- **Data for processing**

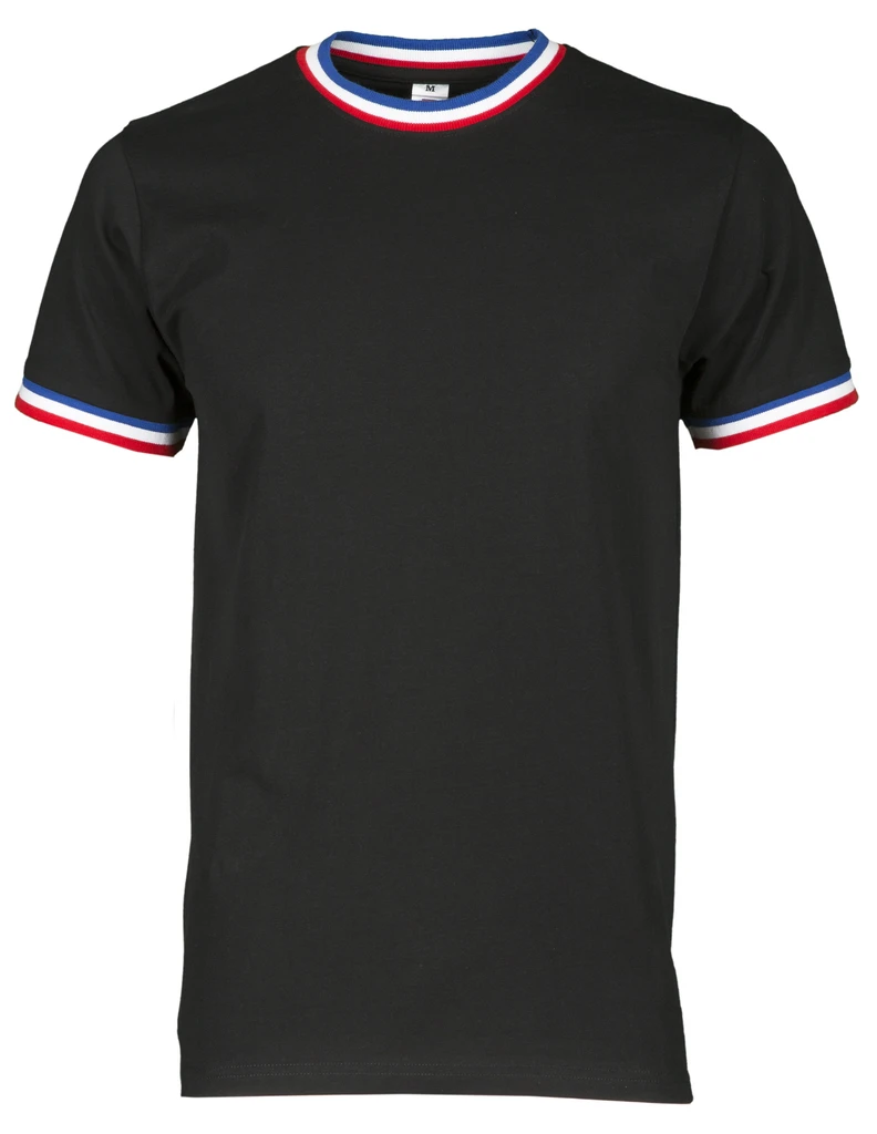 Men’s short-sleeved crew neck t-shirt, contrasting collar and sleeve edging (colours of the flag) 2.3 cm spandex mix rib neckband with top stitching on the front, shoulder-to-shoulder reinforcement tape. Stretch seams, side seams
* * *
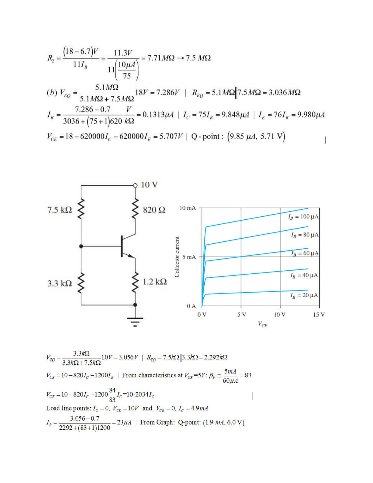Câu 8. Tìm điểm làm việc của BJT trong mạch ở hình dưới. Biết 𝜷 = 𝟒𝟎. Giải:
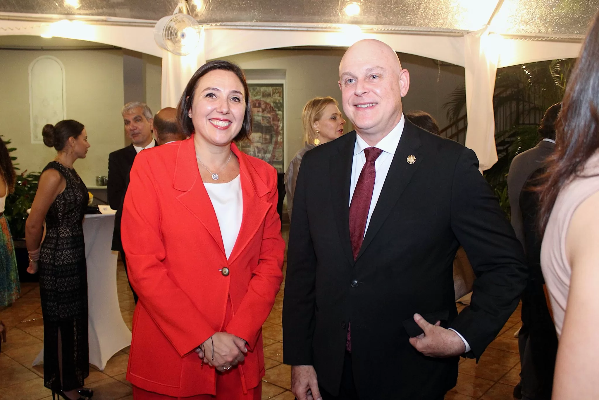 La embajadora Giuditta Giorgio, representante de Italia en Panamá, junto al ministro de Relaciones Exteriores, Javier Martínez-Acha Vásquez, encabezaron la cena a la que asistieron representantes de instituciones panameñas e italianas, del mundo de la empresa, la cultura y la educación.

- **What you need to do**
Please repeat the lines of the material above exactly, starting with the line that contains "Câu 8. Tìm điểm" and ending with the line that contains "La embajadora Giuditta". Leave the pictures out.

- **Task output**
Câu 8. Tìm điểm làm việc của BJT trong mạch ở hình dưới. Biết 𝜷 = 𝟒𝟎. Giải:
 La embajadora Giuditta Giorgio, representante de Italia en Panamá, junto al ministro de Relaciones Exteriores, Javier Martínez-Acha Vásquez, encabezaron la cena a la que asistieron representantes de instituciones panameñas e italianas, del mundo de la empresa, la cultura y la educación.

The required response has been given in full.